Chávez pretendía dirigir el reflector hacia la Torre Centinela, pero las imágenes terminaron abriendo otro frente: el de los problemas urbanos de Ciudad Juárez. En política, a veces el fuego amigo tiene más alcance que el ataque original.

El Álamo de Zazú y la protección animal

En otro frente, la asociación El Álamo de Zazú, conocida por su trabajo en favor de los animales, ha comenzado a ser señalada por asumir una posición política cercana a Morena y por sus críticas al alcalde Marco Bonilla.

La persona que encabeza la organización se ha visto involucrada en distintos conflictos, tanto con servidores públicos como con otras activistas y refugios de perros. A ello se suma su reciente posición política contra el alcalde, al que incluso ha dirigido insultos en un evidente tono partidista.

También se cuestiona el desempeño de Rocío Reza al frente de la Coordinación de Bienestar Animal. Sin embargo, la administración municipal ha impulsado acciones como la creación de esa coordinación, la contratación de brigadistas y la planeación de una veterinaria municipal y un recinto de rescate animal.

El problema no es que una organización tenga una posición política. El problema aparece cuando una causa como la protección animal termina mezclándose abiertamente con la disputa partidista. Entonces, una denuncia puede terminar percibiéndose como parte de una estrategia política.
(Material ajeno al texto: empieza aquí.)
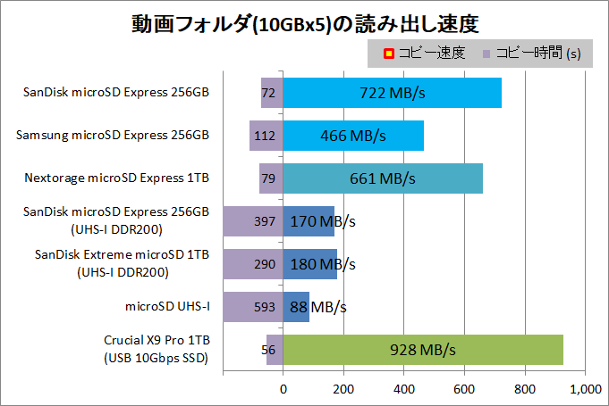 動画フォルダのコピー読み出しにおいて「SanDisk microSD Express Card 256GB for Nintendo Switch 2」によるコピー時間は72秒ほど、読み出し速度は722MB/s程度です。UHS-I環境と比較して8倍程度も高速になっており、SD Expressとして理想的な性能です。

Jorge Chánez y sus aspiraciones

En el PAN también hay movimientos que llaman la atención. El secretario de Comunicaciones y Obras Públicas, Jorge Chánez, estaría impulsando sus aspiraciones para buscar una candidatura a diputado local.

La duda es si esas aspiraciones corresponden con los resultados que ha entregado y con el escenario interno de Acción Nacional. El texto cuestiona además su comportamiento político y plantea que podría estar siendo mal asesorado o utilizado por otros panistas interesados en influir en el proceso interno.

Antes de levantar una candidatura, quizá tendría que revisar los resultados que ha entregado a Chihuahua. El proyecto político ya está en marcha, pero por ahora parece otra obra sin terminar.